I recently happened upon a video about grounding or “earthing” – you know when you go down a rabbit hole and have no idea how you got there, nor how to get back again? Yes, that kind of “happened upon”. I had never heard about grounding in this way before. In the video, the gentleman described grounding or earthing as connecting your bare feet – or skin – to the earth so that we absorb negative ions from the earth and neutralize our positively charged ions and allow us to soak up electrons from the earth’s surface. He also said that our immune system and our body in general works best when we have an abundance of electrons in our body. Honestly, I haven’t done any scientific reading on the subject, I think I’ll just go with it. Maybe this is why I love walking barefoot.

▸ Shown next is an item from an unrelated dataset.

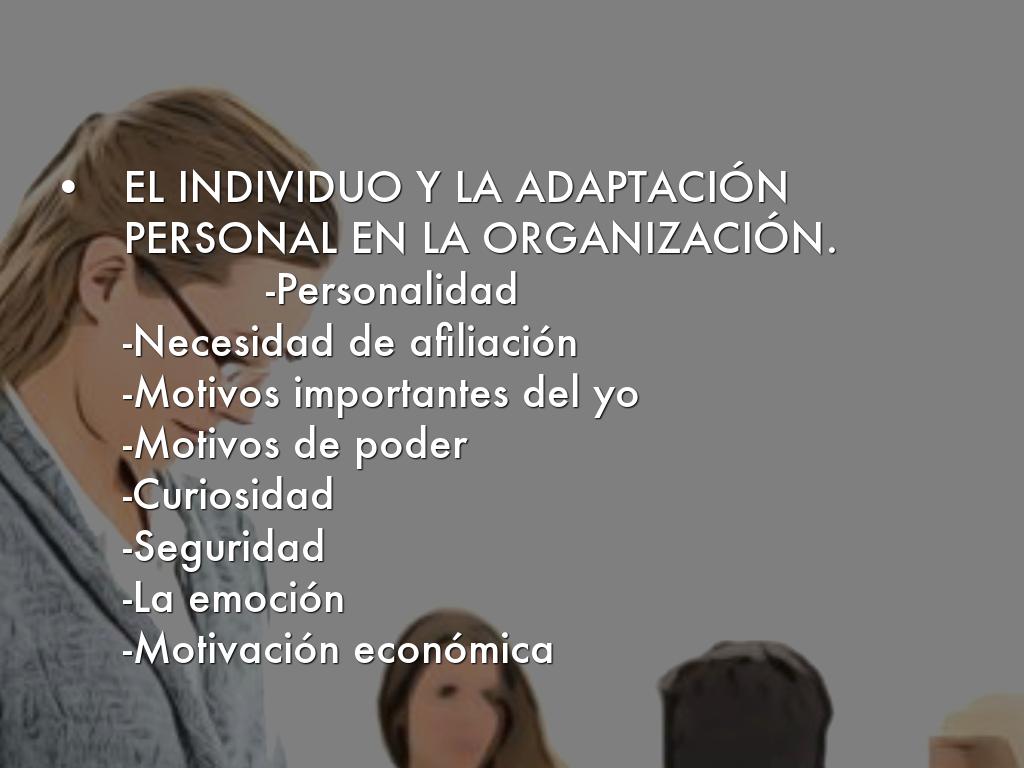 EL INDIVIDUO Y LA ADAPTACIÓN PERSONAL EN LA ORGANIZACIÓN. -Personalidad

When I smell bleach, I remember a time when I would spend weeks in the summer at my grandmother’s house running around barefoot. My feet would be black at the end of the day. At night she would sit me on the side of the bathtub and make me wash my feet with a perfectly white washcloth. White was the only color washcloths she had. Bleach was how they stayed so white after washing our black feet. Bleach and scrubbing on the washboard. I could smell the bleach when I washed my feet. She didn’t want me to get dirt on the clean sheets, those perfectly crisp sheets that also smelled slightly of bleach mixed with sunshine. A week ago, I was pulling weeds and walking in the garden in my bare feet. When I came in, my feet were black. That night, I sat on the side of the tub, thought of my grandmother and washed my feet before getting into bed in my clean sheets. Yes, walking around outside barefoot is my favorite thing about summer…..though, the tomatoes aren’t ripe yet…I wonder if I will change my mind in a few weeks.